The distribution of HTO library sizes is bimodal. Cells with smaller HTO library sizes are likely negatives, whereas cells with larger HTO library sizes are likely doublets. The red lines in the plots above represent the modes and anti-modes of the distribution, which indicate potential cut-offs. The cut-off between negatives and doublets should be set at the anti-mode between the two peaks, which corresponds to index 2 of the red lines.
The final step is CMDdemux classification. Since this dataset contains gene expression data, we set use_gex_data to TRUE and provide the gene expression count data using the gex.count parameter. The num_modes parameter specifies the number of modes in the distribution, and cut_no specifies the index of the cut-off line. The appropriate number of modes and cut-off position can be determined from the OutlierHTOPlot above. For most high-quality datasets, the default values of num_modes and cut_no are sufficient.
hu.cmddemux.assign <- CMDdemuxClass(hu.md.mat, hu.hash.count, hu.outlier.assign, use_gex_data = TRUE, gex.count = hu.gex.count, num_modes = 3, cut_no = 2)

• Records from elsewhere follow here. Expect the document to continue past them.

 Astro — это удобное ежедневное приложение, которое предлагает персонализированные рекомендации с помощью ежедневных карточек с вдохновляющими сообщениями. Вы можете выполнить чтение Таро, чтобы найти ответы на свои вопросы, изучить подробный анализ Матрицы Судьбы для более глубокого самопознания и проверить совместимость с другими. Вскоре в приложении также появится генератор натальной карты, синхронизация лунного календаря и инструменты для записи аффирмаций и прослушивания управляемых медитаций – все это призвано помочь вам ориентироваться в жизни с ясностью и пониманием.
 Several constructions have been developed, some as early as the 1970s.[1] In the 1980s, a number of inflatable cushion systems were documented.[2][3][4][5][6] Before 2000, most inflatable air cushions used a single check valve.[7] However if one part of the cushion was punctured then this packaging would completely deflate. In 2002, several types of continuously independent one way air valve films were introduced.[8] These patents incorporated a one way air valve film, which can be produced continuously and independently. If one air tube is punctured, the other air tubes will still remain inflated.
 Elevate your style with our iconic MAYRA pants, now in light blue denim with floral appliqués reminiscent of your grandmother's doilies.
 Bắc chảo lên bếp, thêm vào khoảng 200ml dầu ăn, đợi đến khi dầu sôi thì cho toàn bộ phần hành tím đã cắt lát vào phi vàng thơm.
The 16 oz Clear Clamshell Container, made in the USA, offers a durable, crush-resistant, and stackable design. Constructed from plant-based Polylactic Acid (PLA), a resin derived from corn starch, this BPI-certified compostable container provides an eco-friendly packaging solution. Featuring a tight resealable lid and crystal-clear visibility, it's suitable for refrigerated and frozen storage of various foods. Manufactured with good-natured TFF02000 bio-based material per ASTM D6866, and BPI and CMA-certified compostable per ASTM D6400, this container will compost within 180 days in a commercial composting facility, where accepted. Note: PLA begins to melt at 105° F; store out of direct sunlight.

head(hu.cmddemux.assign)## demux_id global_class demux_global_class doublet_class
## AAACCTGAGCAGGCTA-1 S5HuF Singlet S5HuF S5HuF
## AAACCTGCACCAGATT-1 S6HuM Singlet S6HuM S6HuM
## AAACCTGGTACTCAAC-1 S8HuM Singlet S8HuM S8HuM
## AAACCTGGTATGCTTG-1 S2HuM Singlet S2HuM S2HuM
## AAACCTGTCTACCAGA-1 S6HuM Singlet S6HuM S6HuM
## AAACCTGTCTGGTATG-1 S8HuM Singlet S8HuM S8HuM
An example of the output is shown above.
CMDdemux provides four types of outputs:
demux_id: the identity for each cell, determined by the sample with the minimum Mahalanobis distance for that cell.

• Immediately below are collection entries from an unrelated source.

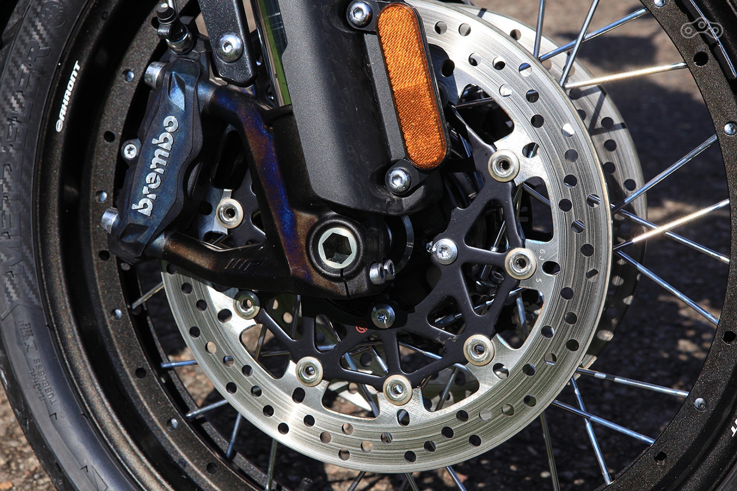 А вот кардан с редуктором отличаются разве что небывало скромными люфтами, порой вообще кажется, что едешь на цепном мотоцикле. По крайней мере, пока не прислушаешься и не услышишь вой трансмиссии, тут она довольно шумная. Но, все в пределах разумного. Что же до тормозов, то моноблочные 4-поршневые оппозитные суппорты Brembo с радиальным креплением – огромный шаг вперед.
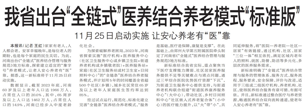 家家有老人,人人都会老。安享幸福晚年,是每位老人的期盼,也是每个家庭的民生关切。为此,河南出台《“全链式”医养结合管理与服务规范》地方标准,探索建立适宜的“豫字号”养老模式,让老人安心养老有“医”靠。据悉,这一新标准将于11月25日启动实施。(今日《郑州日报》5版)
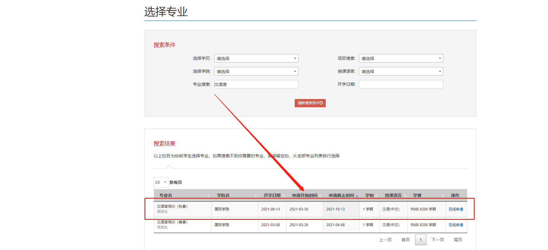 7、筛选获得目标专业后,点击右侧“在线申请”, 进入申请页面。
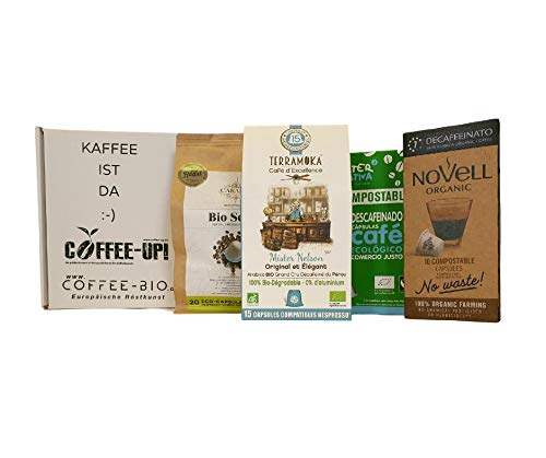 Coffee-Up-Entdeckerpaket: 55 kompostierbare, entkoffeinierte Bio-Kaffeekapseln 4 verschiedene entkoffeinierte Sorten…
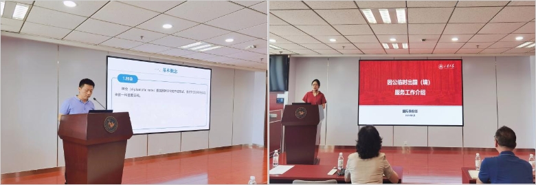 國際事務(wù)部出國(境)事務(wù)辦公室工作人員詳細解讀了學(xué)校關(guān)于因公臨時出國(境)業(yè)務(wù)的管理辦法,介紹了業(yè)務(wù)申辦過程中個人信息、團組信息、出訪信息和經(jīng)費信息的填報規(guī)范,對因公簽證材料準(zhǔn)備、出訪國家簽證政策變化以及申請簽證過程中應(yīng)注意事項進行了重點解讀。
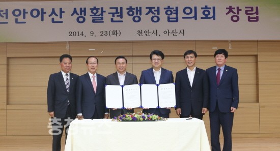 아산시와 천안시가 지난 23일 천안시청에서 ‘천안아산생활권 행정협의회’ 창립 행사를 갖고 양 시간 대승적 협력관계 유지를 위한 새로운 첫발을 내디뎠다.
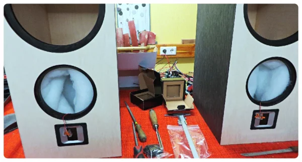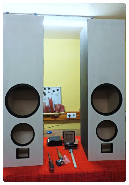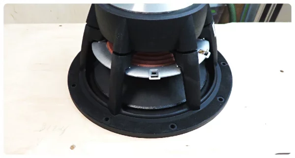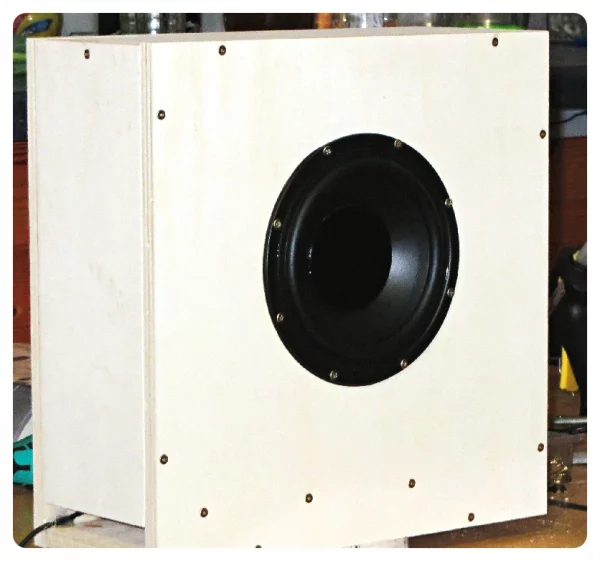 Das erste Mal in Berührung mit Lautsprecher selbst bauen kam ich vor ca. 5 Jahren über einen Arbeitskollegen. Der wollte für sein Auto ein bisschen mehr und hatte sich eine kleine Bassbox überlegt. Er fragte mich, ob ich ihm da nicht beim Bau etwas helfen könnte. Meine Werkstatt bestand zu dem Zeitpunkt noch aus einem Basteltisch und rudimentären Handwerkszeug. Zuschnitt durfte also der örtliche Baumarkt erledigen und es wurde – nach meiner heutigen Sicht – mal eben zusammengesetzt. Das klang auch gar nicht so völlig verkehrt. Zufällig habe ich davon sogar noch ein Bild gefunden.
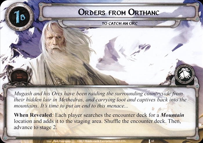 When Revealed: Each player searches the encounter deck for a Mountain location and adds it to the staging area. Shuffle the encounter deck. Then, advance to stage 2.
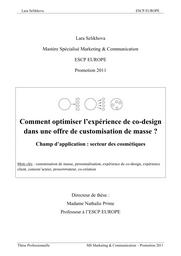 Comment optimiser lexpérience de co-design dans une offre de customisation de masse ? : secteur des cosmétiques / Lara Selikhova
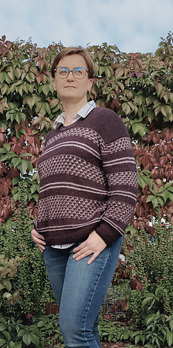 Yarn used in the sample (size 2) is 4 skeins of Moondrake DraKe (85% Fine Superwash Merino, 15% Mulberry silk; 225 m 246 yds / 100 g) in colourway Aubergine as the Opaque Yarn and 2 skeins of Moondrake Kinu Momo (60% Kid Mohair, 40% Mulberry silk; 300 m 330 yds / 25 g) in colourway Timeless as the Sheer yarn.
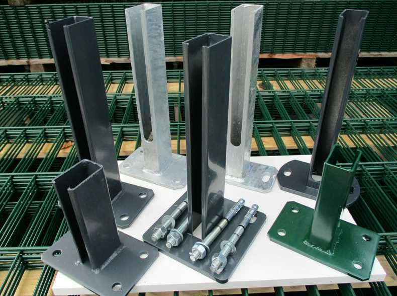 Stabile Fußplatte zum Aufdübeln für Zaunpfosten.
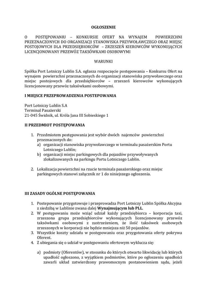 OGŁOSZENIE O POSTĘPOWANIU – KONKURSIE OFERT NA WYNAJEM POWIERZCHNI PRZEZNACZONYCH DO ORGANIZACJI STANOWISKA PRZYWOŁAWCZEGO ORAZ MIEJSC POSTOJOWYCH DLA PRZEDSIĘBIORCÓW – ZRZESZEŃ KIEROWCÓW WYKONUJĄCYCH LICENCJONOWANY PRZEWÓZ TAKSÓWKAMI OSOBOWYMI WARUNKI Spółka Port Lotniczy Lublin S.A. ogłasza rozpoczęcie postępowania – Konkursu Ofert na wynajem powierzchni przeznaczonych do organizacji stanowiska przywoławczego oraz miejsc postojowych dla przedsiębiorców – zrzeszeń kierowców wykonujących licencjonowany przewóz taksówkami osobowymi. I MIEJSCE PRZEPROWADZENIA POSTEPOWANIA Port Lotniczy Lublin S.A Terminal Pasażerski 21-045 Świdnik, ul. Króla Jana III Sobieskiego 1 II PRZEDMIOT POSTĘPOWANIA 1. Przedmiotem postępowania jest wybór dwóch najemców powierzchni przeznaczonych do: a) organizacji stanowiska przywoławczego w terminalu pasażerskim Portu Lotniczego Lublin; b) organizacji miejsc parkingowych dla pojazdów przywoływanych zlokalizowanych na parkingu Portu Lotniczego Lublin. 2. Lokalizacja powierzchni na rzucie terminala pasażerskiego oraz miejsc parkingowych stanowi załącznik nr 1 do niniejszego ogłoszenia. III ZASADY OGÓLNE POSTĘPOWANIA 1. Postepowanie przygotowuje i przeprowadza Port Lotniczy Lublin Spółka Akcyjna z siedzibą w Lublinie zwana dalej Wynajmującym lub PLL. 2. W postępowaniu może wziąć udział każdy przedsiębiorca – korporacja taxi, zrzeszona grupa przedsiębiorców wykonujących licencjonowany przewóz taksówkami osobowymi z zastrzeżeniem, że ilość taksówek osobowych zrzeszonych w korporacji nie będzie mniejsza niż 50 pojazdów. 3. Wszystkie koszty udziału w postępowaniu oraz przygotowania oferty pokrywa Oferent. 4. Z ubiegania się o udział w postępowaniu ofertowym wyklucza się: a) podmioty (Oferentów), w stosunku do których otwarto likwidację lub których upadłość ogłoszono, z wyjątkiem podmiotów, które po ogłoszeniu upadłości zawarli układ zatwierdzony prawomocnym postanowieniem sądu, jeżeli układ nie przewiduje zaspokojenia wierzycieli przez likwidację majątku upadłego; b) podmioty (Oferentów) , które zalegają z uiszczeniem podatków, opłat lub składek na ubezpieczenia społeczne lub zdrowotne, z wyjątkiem przypadków gdy uzyskali oni przewidziane prawem zwolnienie, odroczenie, rozłożenie na raty zaległych płatności lub wstrzymanie w całości wykonania decyzji właściwego organu; c) Oferentów, którzy złożyli oferty po terminie przewidzianym w ogłoszeniu. d) Oferentów, którzy zgłosili oferty niepełne lub nie spełniających warunków określonych w Części IV niniejszego Ogłoszenia. PLL wymaga złożenia przez Oferentów stosownego oświadczenia o spełnieniu powyższych warunków. Oświadczenie traktowane jest jako integralna część oferty. 5. Postępowanie ma charakter niejawny. Nie przewiduje się publicznego otwierania ofert oraz informowania o ilości i biorących udział w postępowaniu firmach Oferentów. 6. Weryfikacji, oceny i wyboru ofert dokona Komisja powołana przez Port Lotniczy Lublin S. A. 7. Wynajmujący zastrzega sobie prawo do: a) odwołania postępowania lub zmiany jego warunków; b) unieważnienia postępowania bez podawania przyczyn; w dowolnym czasie bez ponoszenia odpowiedzialności wobec Oferentów, którzy złożyli oferty. 8. Nie dopuszcza się składania ofert częściowych tylko na stanowisko wywoławcze lub tylko na stanowisko parkingowe 9. Oferty należy składać w jednym wariancie dla 2 letniego okresu trwania umowy. 10. Okres obowiązywania umowy najmu wynosi 2 lata. 11. Postępowanie ofertowe uważa się za ważne o ile wpłynie co najmniej jedna oferta spełniająca wszystkie wymogi postępowania. 12. Okres związania ofertą powinien być nie krótszy niż 60 dni. IV WARUNKI UDZIAŁU W POSTĘPOWANIU – KONKURSIE OFERT Warunkiem przystąpienia do postępowania – konkursu ofert jest: 1. Złożenie prawidłowo wypełnionej oferty na wzorze Formularza Ofertowego, stanowiącego załącznik numer 3 do niniejszego Ogłoszenia z zastrzeżeniem, że oferta będzie zawierała propozycję stawki gwarantowanego całkowitego czynszu miesięcznego dla wszystkich powierzchni będących przedmiotem postępowania. 2. Złożenie dokumentów zgodnie z listą wymaganych dokumentów, stanowiącą Załącznik numer 2 do niniejszego Ogłoszenia. 3. Posiadanie przez Oferenta udokumentowanego doświadczenia w prowadzeniu działalności polegającej wykonywaniu licencjonowanego przewozu pasażerów taksówką osobową. 4. Posiadanie przez oferenta floty co najmniej 50 pojazdów wraz z kierowcami uprawnionymi do wykonywania licencjonowanego przewozu pasażerów taksówką osobową. V FORMA, MIEJSCE I TERMIN SKŁADANIA OFERT 1. Termin składania Ofert upływa w dniu 2 kwietnia 2013 roku. 2. Oferty powinny zostać złożone w sekretariacie Biura Zarządu Portu Lotniczego Lublin (adres: 21 – 040 Świdnik, ul. Króla Jana III Sobieskiego 1). 3. Oferta powinna zostać złożona w formie wypełnionego Formularza Ofertowego wraz z dołączonymi wymaganymi dokumentami, w zamkniętej, nieprzeźroczystej kopercie lub paczce z napisem: OFERTA NA DZIERŻAWĘ POWIERZCHNI PRZEZNACZONYCH DO ORGANIZACJI STANOWISKA PRZYWOŁAWCZEGO ORAZ MIEJSC POSTOJOWYCH DLA PRZEDSIĘBIORSTW – ZRZESZEŃ KIEROWCÓW WYKONUJĄCYCH LICENCJONOWANY PRZEWÓZ TAKSÓWKAMI OSOBOWYMI . Oferta może zostać doręczona do spółki na wskazany powyżej adres osobiście, pocztą lub za pośrednictwem kuriera. Decydująca dla skuteczności zachowania terminu doręczenia oferty jest data wpływu oferty na wskazany w pkt.2 adres. Oferta oprócz wymaganych przez Wynajmującego dokumentów może zawierać opis / referencje, przykłady podobnej działalności przedsiębiorcy w innych lokalizacjach (centra handlowe, dworce kolejowe itp.) 4. Oferta powinna zawierać: 4.1 Imię i nazwisko oraz adres korespondencyjny Oferenta albo nazwę lub firmę wraz z adresem siedziby przedsiębiorcy – Of

global_class: classification of each cell as Singlet, Doublet, or Negative.
demux_global_class: singlet cells are labeled with their original sample, while negatives and doublets are labeled accordingly.

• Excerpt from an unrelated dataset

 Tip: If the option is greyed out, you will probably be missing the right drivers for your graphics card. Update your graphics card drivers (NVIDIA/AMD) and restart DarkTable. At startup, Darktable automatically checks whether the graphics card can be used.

doublet_class: similar to demux_global_class, but doublets are labeled with their sample of origin. This is particularly useful for combined-hashtag experiments.
##
## Doublet Negative S1HuF S2HuM S3HuF S4HuM S5HuF S6HuM S7HuF S8HuM
## 69 82 320 345 230 358 322 227 393 408
The output above shows the number of cells demultiplexed into each category.